I think you will find that once they are liable for fraudulent transactions, that this provides more than enough incentive for the retailer to implement chip and pin.
September 4th, 2008 at 7:25 am
Editor’s Note: You make a very fair point. What we had intended to say is that the industry/political realities in the States make this quite unlikely. No one–including Visa–has been pushing this hard in the U.S.. This would have huge potential, but it would need the backing from quite a few players and I haven’t seen any hint of this yet.
September 4th, 2008 at 9:30 am
The problem with Chip-and-PIN is that it doesn’t go quite far enough to fully protect retailers. Retailers are still responsible for providing secure PIN-entry terminals, and criminals in Europe have already started placing counterfeit terminals in stores. Thus retailers are still handling secure data, and still remain in the loop for fraudulent card use.
If smart credit and debit cards were used in conjunction with a customer-owned handheld PIN keyboard (such as the Digipass system) then all security would rest in the hands of issuers, and the retailers would be freed of the security burdens surrounding credit. PCI DSS wouldn’t be necessary. PCI PED wouldn’t be necessary. And the extra cost for replacing terminals to work with Chip-and-PIN wouldn’t be necessary, either.
Of course, that’s not likely to happen until retailers examine and understand the costs, and then organize their efforts to move the PCI in that direction.
September 4th, 2008 at 3:28 pm
Editor’s Note: A Reader is absolutely correct (As A Reader tends to be). In short, this is part of the overall argument that retailers are good at doing a lot of things, but security isn’t one of them. Getting the banks and consumers to take over data responsibility is the ideal.
Which, of course, means that it will never happen. Too many powerful players that don’t want it to happen.
September 5th, 2008 at 8:51 am
One doesn’t need to deploy chip-n-PIN to make payments much, much more secure—the PCI SSC simply needs to require end-to-end encryption for all payment data starting at the PED, regardless of whether the underlying network is considered “public” or “private”. This is what already occurs with PIN data today. To be sure, there are many, many significant deployment issues that would need to be overcome to make this happen—but I can’t help but believe that this requirement will become part of PCI DSS at some point in the next five years.

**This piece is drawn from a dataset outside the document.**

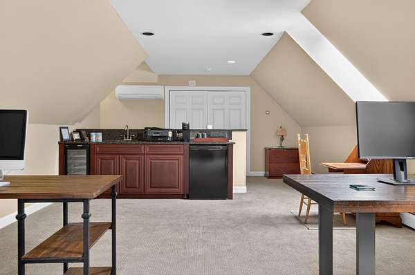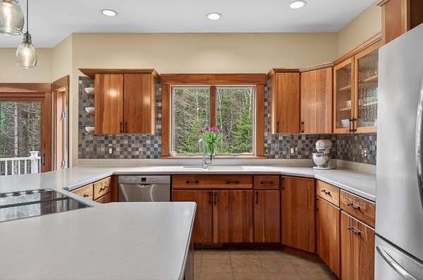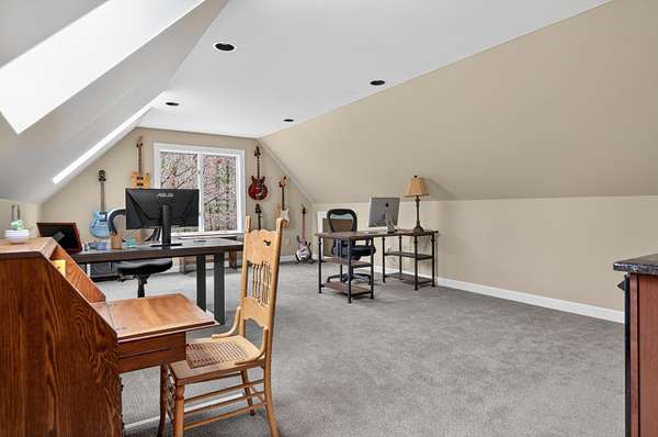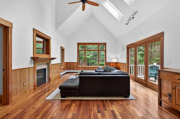 Welcome to 130 Starboard Reach in Yarmouth, Maine--an exceptional property offering privacy, comfort, and flexible living space on a beautifully wooded 2-acre cul-de-sac lot. This 4-bedroom, 3.5-bath home is thoughtfully designed for both everyday living and entertaining. The first-floor primary suite provides convenience and tranquility, while the spacious layout offers room for everyone. The living room features a stunning cathedral ceiling that fills the space with natural sunshine, creating a bright and inviting atmosphere. The oversized bonus room above the garage, complete with a mini-fridge--perfect for a home office, guest suite, or creative studio. A beautifully crafted bluestone walkway guides you to covered front porch and welcomes you through the arched front doorway. Outdoor living is equally impressive with a spacious wood deck that runs the length of the house, while the private, wooded surroundings enhance the sense of retreat. The in-ground pool is complemented by a pool house, creating the ultimate setting for summer gatherings. A fenced garden space offers the perfect spot for growing your own vegetables or flowers. Additional highlights include a walkout basement offering flexible space for recreation or storage, and a whole-house generator for added peace of mind year-round. Tucked away in a peaceful cul-de-sac yet just minutes from Yarmouth's charming village, this property combines seclusion with convenience--truly the best of both worlds.

September 8th, 2008 at 2:00 pm
Most that you’ve said is correct. But encryting from end-to-end isn’t a solution too. You can grab card information before, it gets encripted. I saw a lot of violated terminals, where the data were stolen prior getting encripted. It was possible getting the PIN, by mapping the keyboard matrix. It’s a hardware “hacking”. Even PCI PED, doens’t look at all design failures on the terminals. It’s possible to put a bug in every terminal in the market. I’ve seem a lot, on Verifone and Ingenico terminals (just to name a few vendors)
Even if you use Chip, it’s possible to cheat the authorization system (based on the deployment). I saw a lot of frauds involving chip-and-pin approach. I’m not saying that the chip was broken (at least yet, but the criminals are studing the “how-to”), but there are several ways to cheat with the authorization systems.